Pictures appear among the records below and must be omitted. Repeat exactly the lines from the line with "- SOLD - Bent" to the line with "Внутренняя закрытая каменка", both included.

> [DATA FOR THIS EXERCISE]

# # #

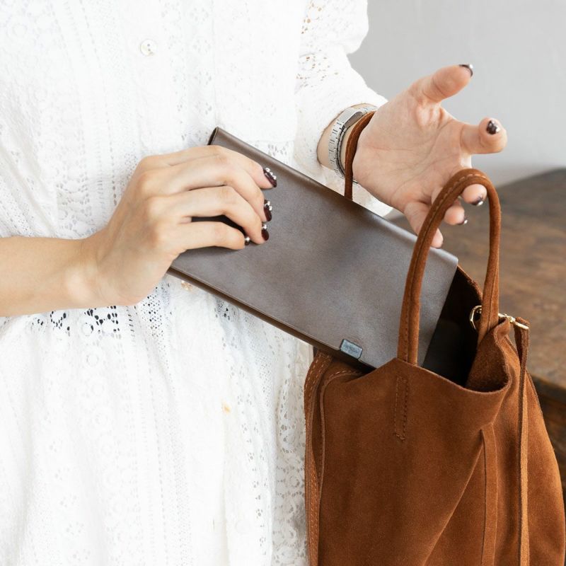 日本の美意識を大切にした、袱紗モチーフのレザー長財布。
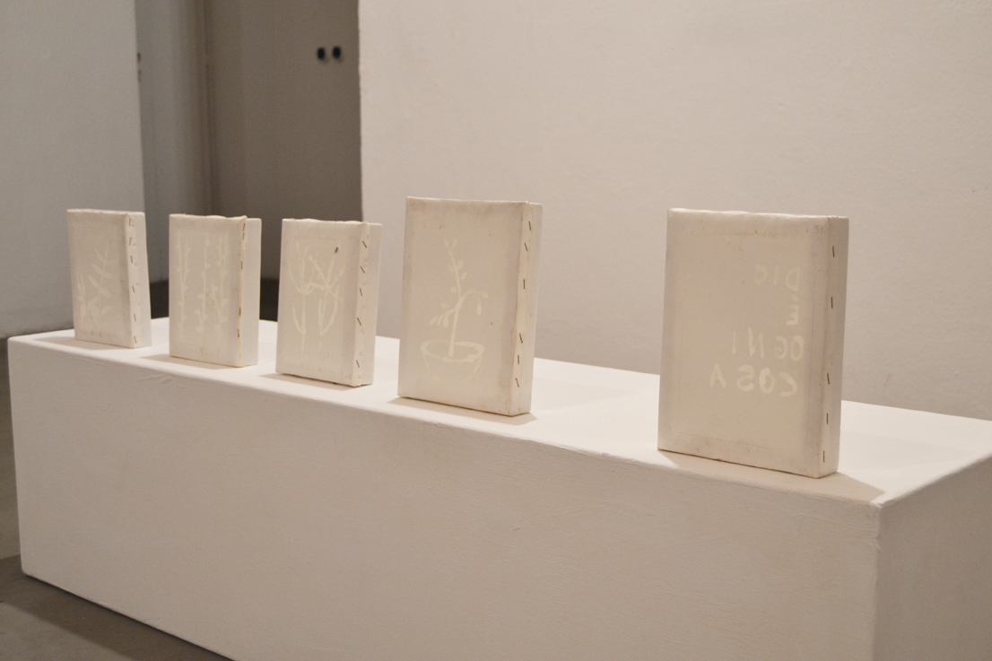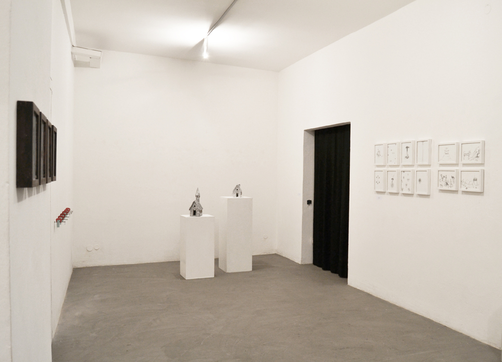 la piccola chiesetta dalle feritoie di lamette affilate. Il sottile foglio di alluminio viene sciolto per ricoprire le forme plasmate nel pongo, materiale malleabile e duttile con cui l’artista stabilisce un nuovo legame.
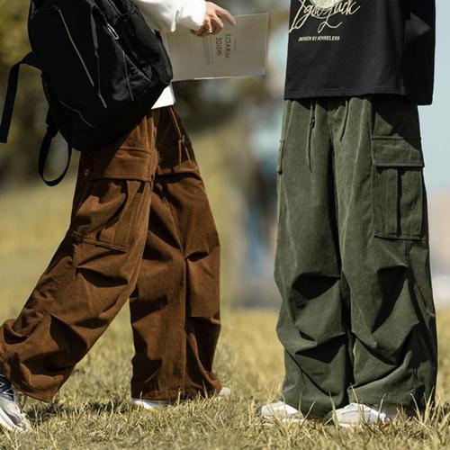 JEEP SPIRIT 남성 루즈 스트레이트 카고바지 가봄 가을 야외용 다중 포켓 조거팬츠
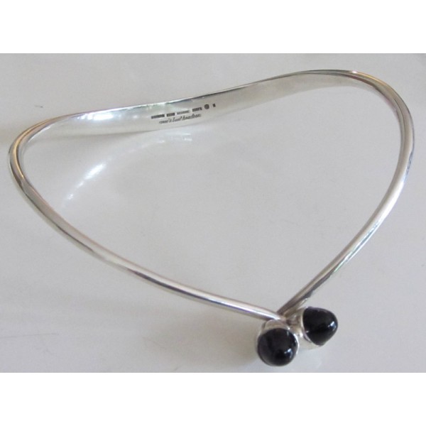 - SOLD - Bent + Anni Knudsen, Copenhagen, Denmark: Solid + well-crafted sterling silver neck collar with 2 amethyst s
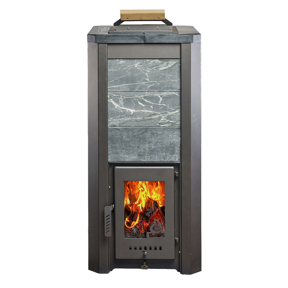 Внутренняя закрытая каменка с распределением воды прогревается с пяти сторон, обеспечивая интенсивный прогрев заклада и способна создать достаточное количество мелкодисперсного пара для русской бани. В случае поддержания горения в печи "перезарядка" камней происходит быстро, что способствует образованию качественного пара. Во время прогрева парной конвекционные решетки с регулировкой, расположенные справа и слева под крышкой открыты - быстрый нагрев. Когда набралась нужная температура - закрыты, тогда нагрев будет более мягкий от камня облицовки.
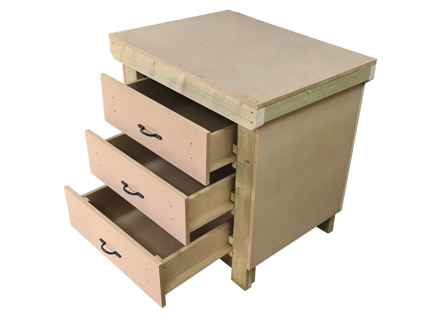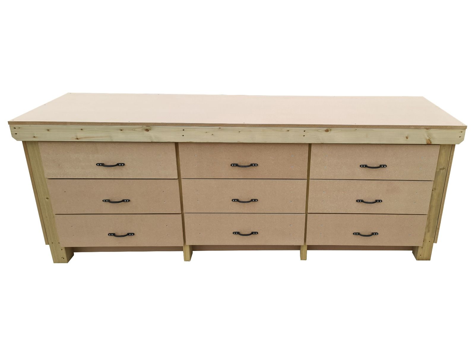 Our Tool Cabinet Workbench Wooden 18mm MDF Top is designed to meet the demands of various applications, providing a sturdy and reliable workspace. The frame is constructed from high-quality CLS C16 kiln-dried timber, ensuring structural integrity and longevity. The 18mm MDF work surface offers a smooth and durable platform for all your projects. Depending on the chosen length, the workbench includes up to nine spacious drawers, allowing for organized storage of tools and materials. Handmade in the UK, each bench is supplied in knockdown form for easy on-site assembly, requiring only a screwdriver for setup.
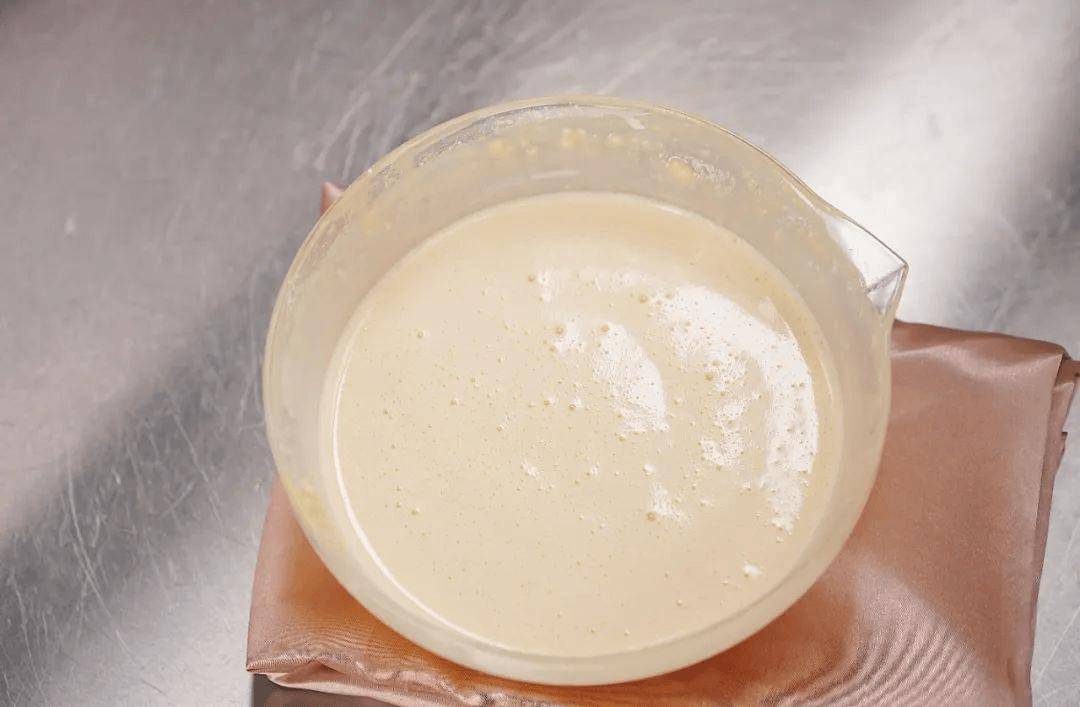 2/3 蛋黄面糊中分次加入300G牛奶,慢慢搅拌成液体状态,搅拌好的少量蛋糊倒入25G融化的黄油,搅拌黄油进行乳化,充分乳化后,将黄油缓缓倒入蛋糊中,混合均匀。做好的面糊过筛一遍,盖上保鲜膜放入冰箱冷藏1小时。

# # #

> [YOUR SOLUTION]
 - SOLD - Bent + Anni Knudsen, Copenhagen, Denmark: Solid + well-crafted sterling silver neck collar with 2 amethyst s
 Внутренняя закрытая каменка с распределением воды прогревается с пяти сторон, обеспечивая интенсивный прогрев заклада и способна создать достаточное количество мелкодисперсного пара для русской бани. В случае поддержания горения в печи "перезарядка" камней происходит быстро, что способствует образованию качественного пара. Во время прогрева парной конвекционные решетки с регулировкой, расположенные справа и слева под крышкой открыты - быстрый нагрев. Когда набралась нужная температура - закрыты, тогда нагрев будет более мягкий от камня облицовки.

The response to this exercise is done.